--- Supplied material Enclosed Below ---

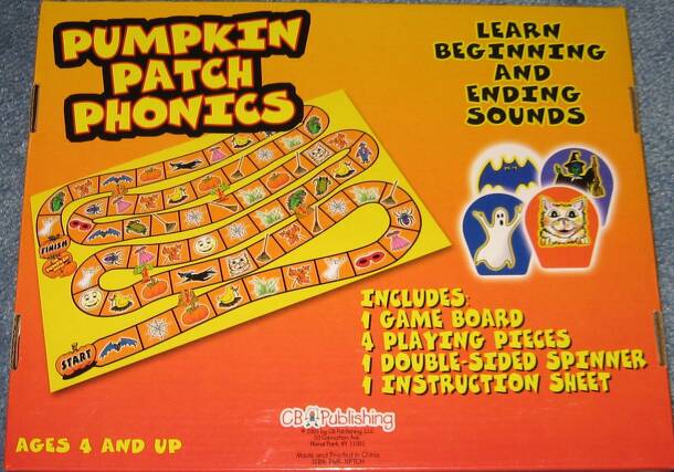 Pumpkin Patch Phonics is a simple children's game that teaches players phonics. Players spin a spinner, and move their token to the nearest picture that starts with the letter that the spinner is pointing to. There are five special spaces on the board, where a player can slide up or down the track - similar to Chutes and Ladders. There is an alternative...
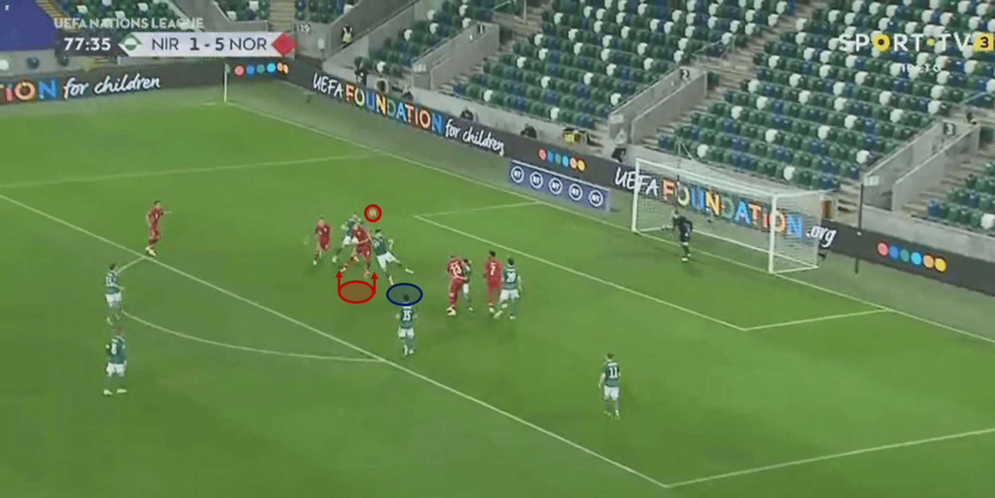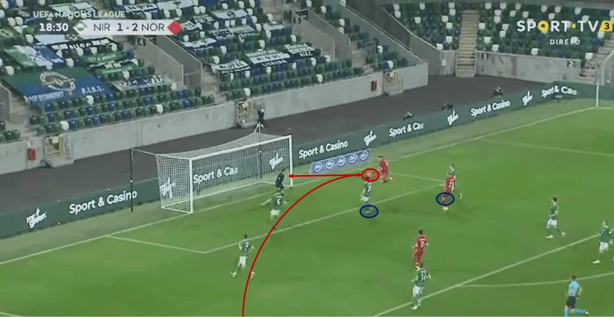 Above, we see Sørloth display his remarkable leap and timing of said leap to reach the ball before the Northern Ireland defender.
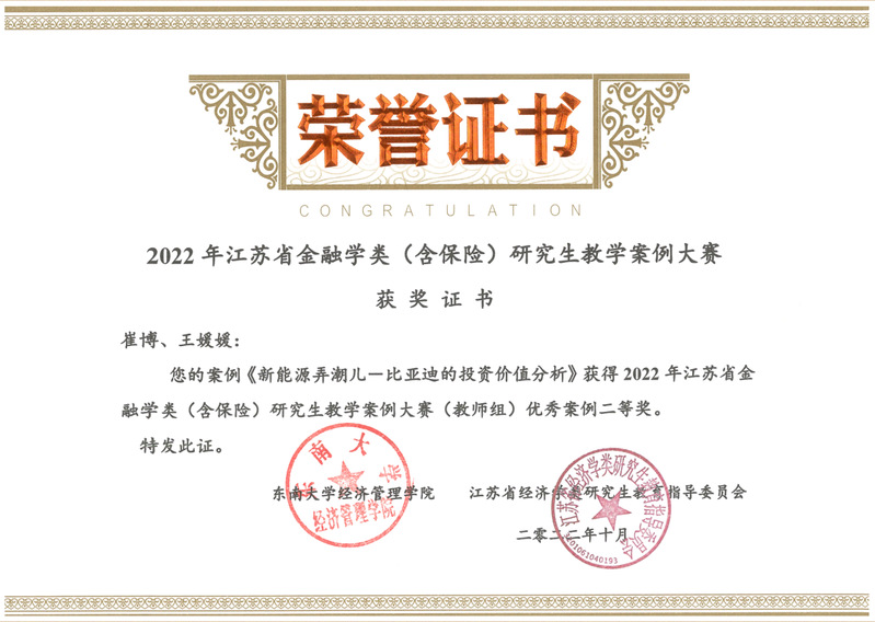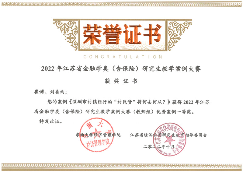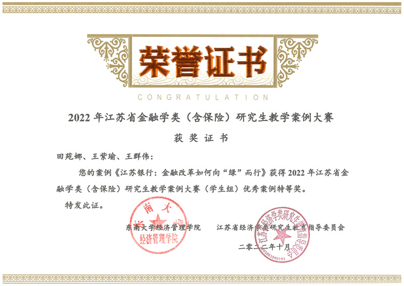 近日,江苏省经济学类研究生教育指导委员会公布了2022年江苏省金融学类(含保险)研究生教学案例大赛评选结果。经过大赛组委会通讯评审、专家会评、线上答辩等环节,中文成人网 师生在此次大赛中取得佳绩,并斩获特等奖1项、一等奖1项、二等奖1项。

--- End of Enclosed Supplied material ---

Work item: Leaving the pictures out, print every line of the listing exactly.

Response to this task:
 Pumpkin Patch Phonics is a simple children's game that teaches players phonics. Players spin a spinner, and move their token to the nearest picture that starts with the letter that the spinner is pointing to. There are five special spaces on the board, where a player can slide up or down the track - similar to Chutes and Ladders. There is an alternative...
 Above, we see Sørloth display his remarkable leap and timing of said leap to reach the ball before the Northern Ireland defender.
 近日,江苏省经济学类研究生教育指导委员会公布了2022年江苏省金融学类(含保险)研究生教学案例大赛评选结果。经过大赛组委会通讯评审、专家会评、线上答辩等环节,中文成人网 师生在此次大赛中取得佳绩,并斩获特等奖1项、一等奖1项、二等奖1项。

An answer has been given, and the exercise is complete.